Austerity, debt and the Eurozone growth dilemma

16
869

By Alex Robertson
 
Mr. Cameron reported on Wednesday to the House of Commons on last weekend’s G8 Summit which included the Eurozone crisis on its agenda.  That report and the communiqué produced at the end of the summit made dismal and disturbing reading.
 
Apart from trite words of ‘motherhood’, little at all was agreed as to how to face up to what the Governor of the Bank of England has described as a “financial storm” and “the Eurozone tearing itself apart”.

The governments of Europe are split into two camps: the first (led by UK and Germany) saying the road to recovery is by reducing the immense sovereign debts run up over the last decade, and the second camp (led by France) saying the road to recovery is by stimulating growth, some even advocating further borrowing to fund growth, like the Project Bonds advocated by President Hollande.

That approach exposes the nub of the question.  How to fund the growth?  There is no Lender of Last Resort in the Eurozone, (fatal flaw) and austerity alone will almost certainly not prove a successful strategy – witness Greece and the turmoil in the streets arising from a population whose tolerance of severity has been exceeded.

Yet unless we find ways of funding growth without incurring more debt, there is a great deal of trouble ahead for us all, whether inside the Eurozone or outside.  The interdependence between banks in Europe, and wider, goes deep, and they have enmeshed themselves in a dense web of borrowing and lending to fund the unrestrained spending by governments and consumers alike.  Like a row of dominoes – if one falls, the others follow.

We live in times as dangerous as any since the days of Hitler and the Fascists.  Austerity alone leads to civil riots and rebellions, unredeemed by policies to stimulate economic growth, to supply jobs and relieve welfare budgets and increase tax revenues to pay off the mountains of debt lowering over us all.

We must get this right.  Because if we don’t, then the Eurozone will see first the exit of Greece, orderly or otherwise, which will hit the UK just as hard as any other country, and after that the exit of others, Spain, Italy, Portugal, Belgium all being possible candidates.

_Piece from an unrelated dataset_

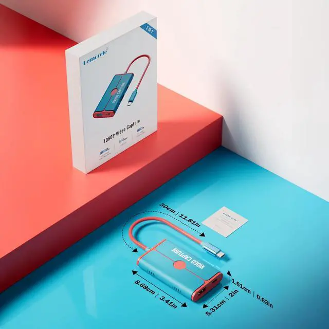 The DIXSG video capture card integrates video capture, multi-device expansion, and high-speed data transmission. It supports 1080P@60Hz video recording and live streaming, seamlessly connects to devices like the Nintendo Switch, mobile phones, tablets, and game consoles via a USB-C 3.0 port, and streams audio and video signals to OBS, XSplit, and other platforms in real time. It also features HDMI output for connecting to a monitor or TV for extended viewing, and supports 100W PD charging, perfect for charging while gaming. Product Specifications: Input Port: USB-C 3.0 (30cm red cable). Supported Output Resolution: HDMI 1920x1080@60Hz. PD Power Port: Supports 100W input and 85W output. Capture Port: USB-C for video signal capture. USB-A Port: USB 3.0, 5Gbps transfer rate. Compatible Devices: Switch, mobile phones, tablets, computers, game consoles, cameras, and more. Color: Red and blue. Weight and dimensions: 0.24 lb, 5.28 x 4.09 x 0.79 inches. Package: 1 capture card, 1 instruction manual.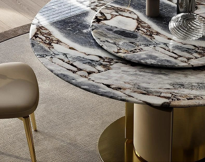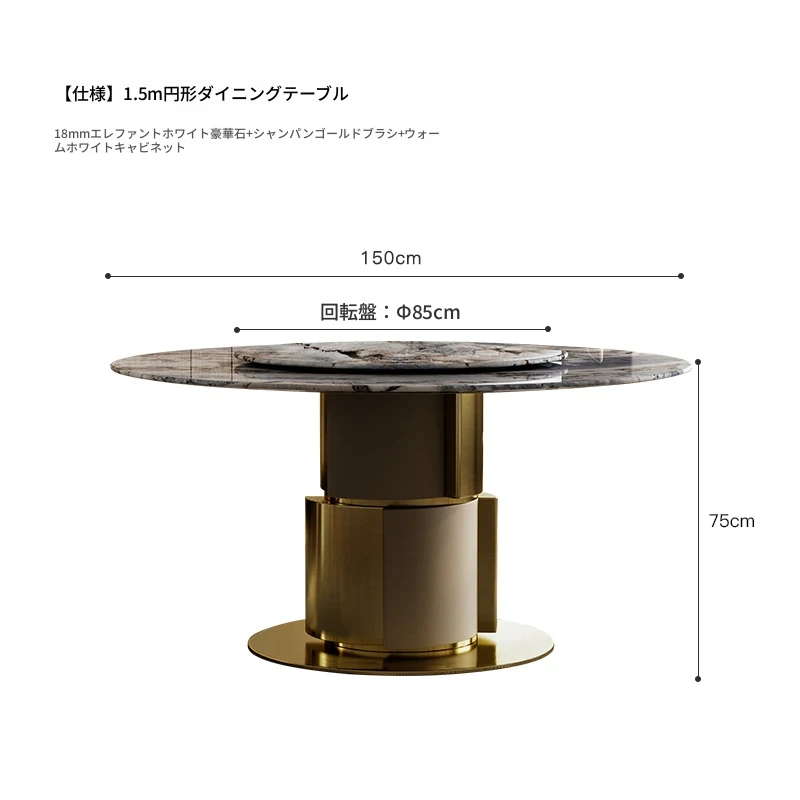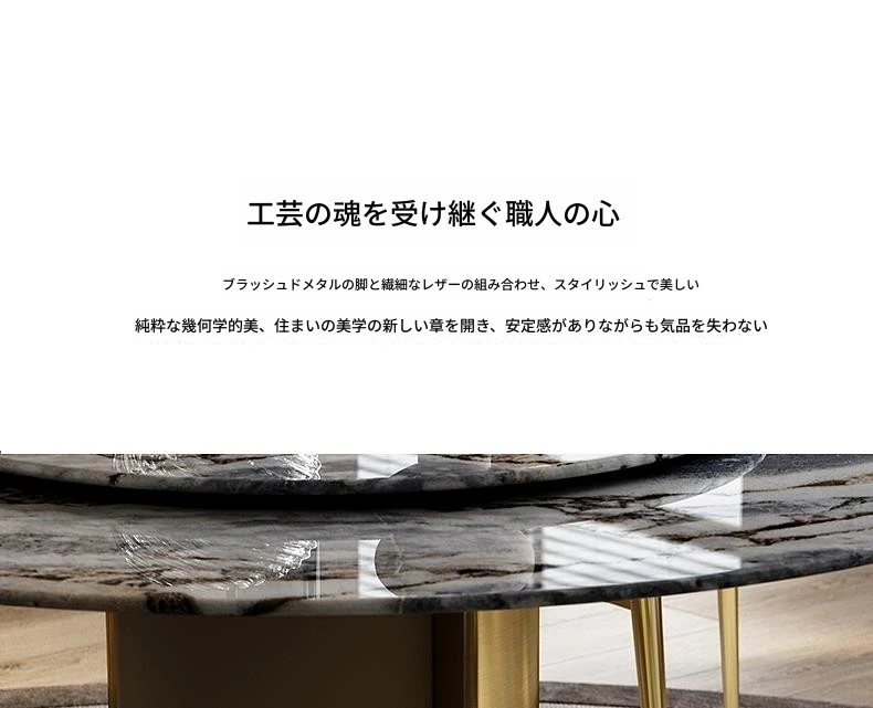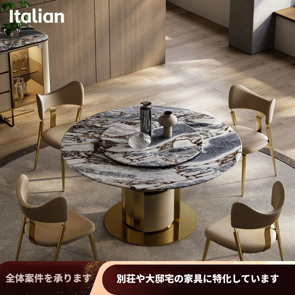 2023年新作!天然大理石ラウンド高級ダイニングテーブル、回転式デザインで贅沢な食卓を演出。洗練された雰囲気を持つ、特別なひとときをお楽しみください。

What results from that is devaluation of the restored national currencies and a sudden plunge into protection of domestic economies.  The road after that declines rapidly and steeply towards the breakup of the European Single Market.  That would be a total catastrophe: trade wars nearly always lead to real wars.

So the question remains: how do we fund growth without incurring more debt?  Mr. Salmond has spoken often about the urgent need to release emergency contingency funds, either treasury reserves, or in the case of the EU, the Structural Funds which hold billions.  What would also help, he has said, would be the restructuring of taxation to stimulate economic activity and growth, like abolishing the Air Passenger Duty to encourage business, reduction in corporation taxes.

There is a need for innovative and imaginative means to nurture growth, stimulate job creation and get the economy moving again, all without borrowing a single penny more.  Much depends on it.

The one person who has been right all along in the UK is Mr. Salmond.  What a pity that his voice cannot be heard round the tables of the EU in Brussels, let alone in the corridors of Whitehall.